I verified that this change doesn't adversely affect vm_fault()'s sequential access heuristic. As of r281079, that heuristic doesn't (directly) cache pages. Instead, it performs the equivalent of an automatic madvise(..., MADV_DONTNEED). In other words, the sequentially accessed file's pages are placed at the front of the inactive queue, where the page daemon starts working. Moreover, because the pages are in the inactive queue, rather than the buddy allocator, they are not immediately at risk for reclamation by vm_page_alloc().
contigmalloc(M_WAITOK), or more precisely, vm_pageout_grow_cache(), is the only use case for PG_CACHE pages that might see a high rate of reactivations and be adversely affected by this change.
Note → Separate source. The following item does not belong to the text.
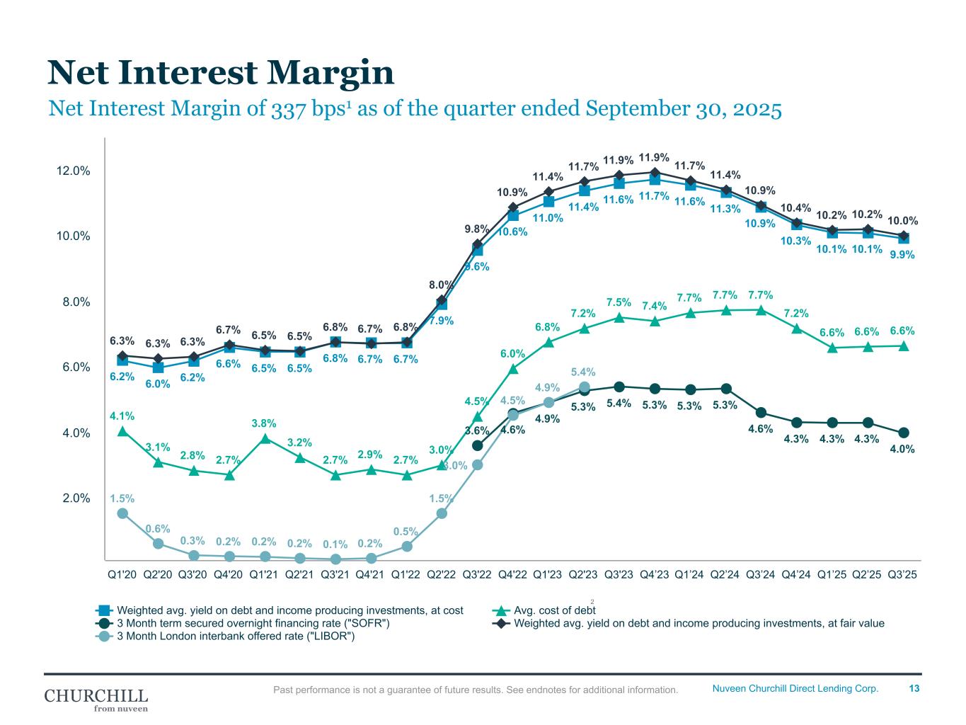 17Nuveen Churchill Direct Lending Corp. For the Three Months Ended (Dollar amounts in thousands, except share data) Sep 30, 2025 Jun 30, 2025 Mar 31, 2025 Dec 31, 2024 Sep 30, 2024 Investment income Non-controlled/non-affiliated company investments: Interest income $48,227 $50,213 $50,846 $53,683 $57,317 PIK income 2,369 2,264 2,365 2,275 2,503 Dividend income 286 116 — 257 17 Other income 224 539 375 861 444 Total investment income 51,106 53,132 53,586 57,076 60,281 Expenses Interest and debt financing expenses 19,206 20,105 20,643 21,019 23,199 Management fees 5,128 5,179 3,914 3,956 3,873 Incentive fees on net investment income 3,293 2,826 2,253 4,418 5,496 Professional fees 709 1,107 493 785 912 Directors' fees 156 156 156 128 128 Administrative fees 659 491 585 299 535 Other general and administrative expenses 569 411 342 180 145 Total expenses 29,720 30,276 28,387 30,785 34,287 Incentive fees waived — — (2,253) (4,418) (5,496) Net expenses 29,720 30,276 26,134 26,367 28,792 Net investment income 21,386 22,856 27,452 30,709 31,490 Excise taxes — — — 551 — Net investment income after excise taxes 21,386 22,856 27,452 30,158 31,490 Realized and unrealized gain (loss) on investments: Net realized gain (loss) on non-controlled/non-affiliate company investments 1,521 (10,702) 1,103 (11,676) 1,086 Net change in unrealized appreciation (depreciation) on non- controlled/non-affiliate company investments (4,245) 3,770 (13,573) 11,282 4,049 Income tax (provision) benefit (4) 92 39 (312) 18 Total net change in unrealized appreciation (depreciation) (4,249) 3,862 (13,534) 10,970 4,067 Total net realized and unrealized gain (loss) on investments (2,728) (6,840) (12,431) (706) 5,153 Net increase (decrease) in net assets resulting from operations $18,658 $16,016 $15,022 $29,452 $36,643 Weighted average shares outstanding for the period 49,403,696 50,183,714 52,211,340 54,229,767 54,688,860 Quarterly Operating Results Past performance is not a guarantee of future results. See endnotes for additional information.

In essence, vm_pageout_grow_cache() indiscriminately caches a large number of pages, hoping to create a chunk of contiguous physical memory in the buddy queues by serendipity. It expects that the unused cache pages will be reactivated, avoiding page ins.
That's why we're looking to replace vm_pageout_grow_cache().
I've run some tests with Postgres 9.3.7. I configured the shared buffers to occupy 1/4 of physical memory. I used a database that was 3x larger than physical memory. And, I ran pgbench's SELECT only workload for a few hours.
With an unmodified kernel, 0.46% of PG_CACHE pages were reactivated.
5311258 pages reactivated
...
1147411011 pages cached
With the patched kernel, the percentage didn't change; it was still 0.46%.